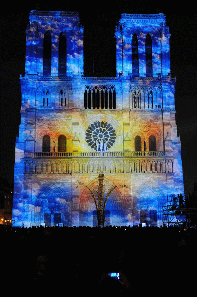 Bruno Seillier通過聲、光、影的表現(xiàn)手法,在圣母院的外墻上投射出了這17幅不同風格的3D影像。
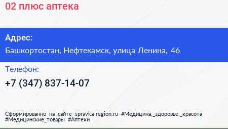 02 плюс, аптека по адресу Башкортостан, Нефтекамск, улица Ленина, 46 в дальнейшем Организация, размещена в следующих категориях:
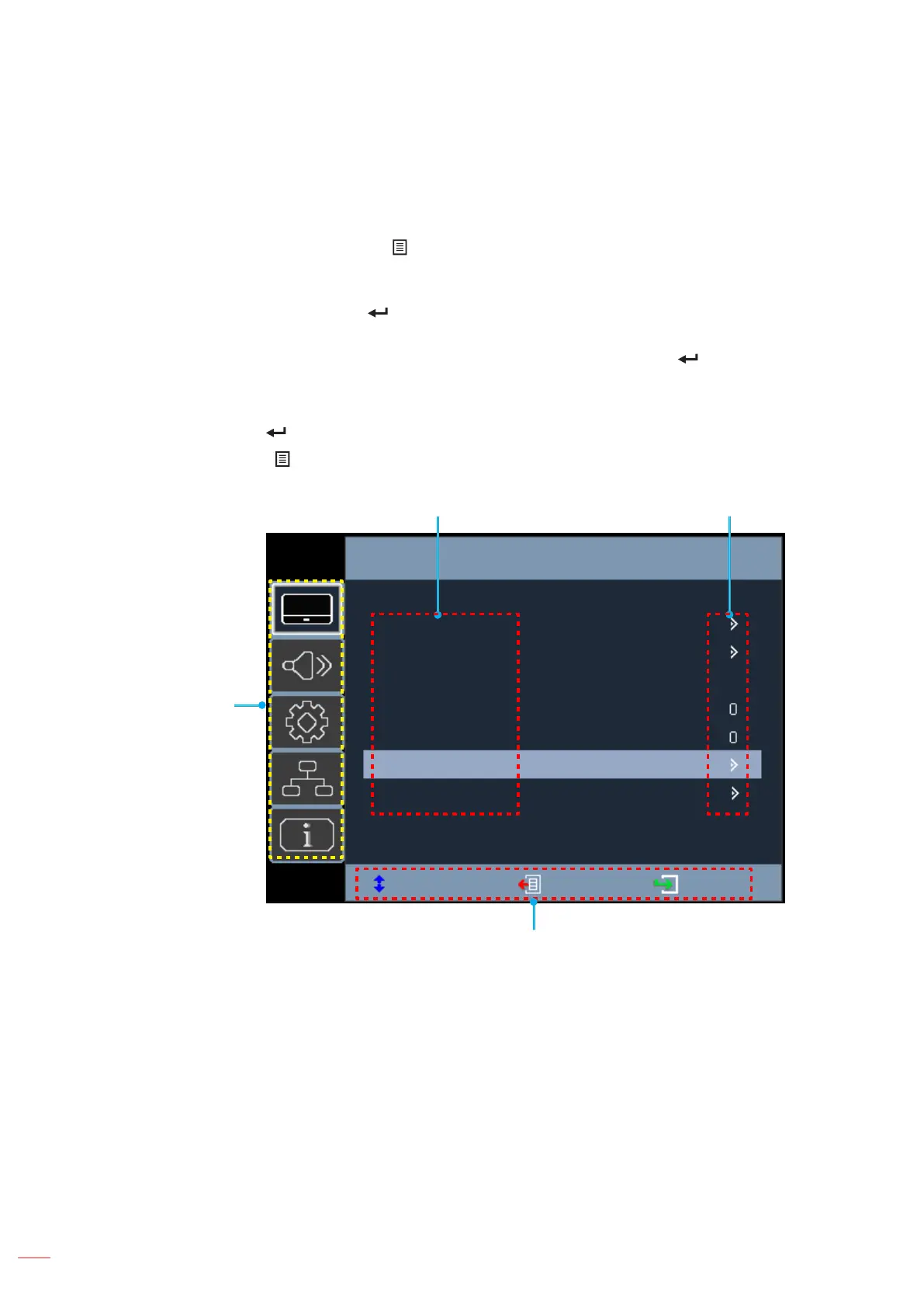 6. To exit, press the or Menu button again. The OSD menu will close and the projector will

----

*What to produce*:
Transcribe exactly, with no pictures, the lines running from the first line of the material through the line holding "02 плюс, аптека".

*Exercise result*:
 Bruno Seillier通過聲、光、影的表現(xiàn)手法,在圣母院的外墻上投射出了這17幅不同風格的3D影像。
 02 плюс, аптека по адресу Башкортостан, Нефтекамск, улица Ленина, 46 в дальнейшем Организация, размещена в следующих категориях:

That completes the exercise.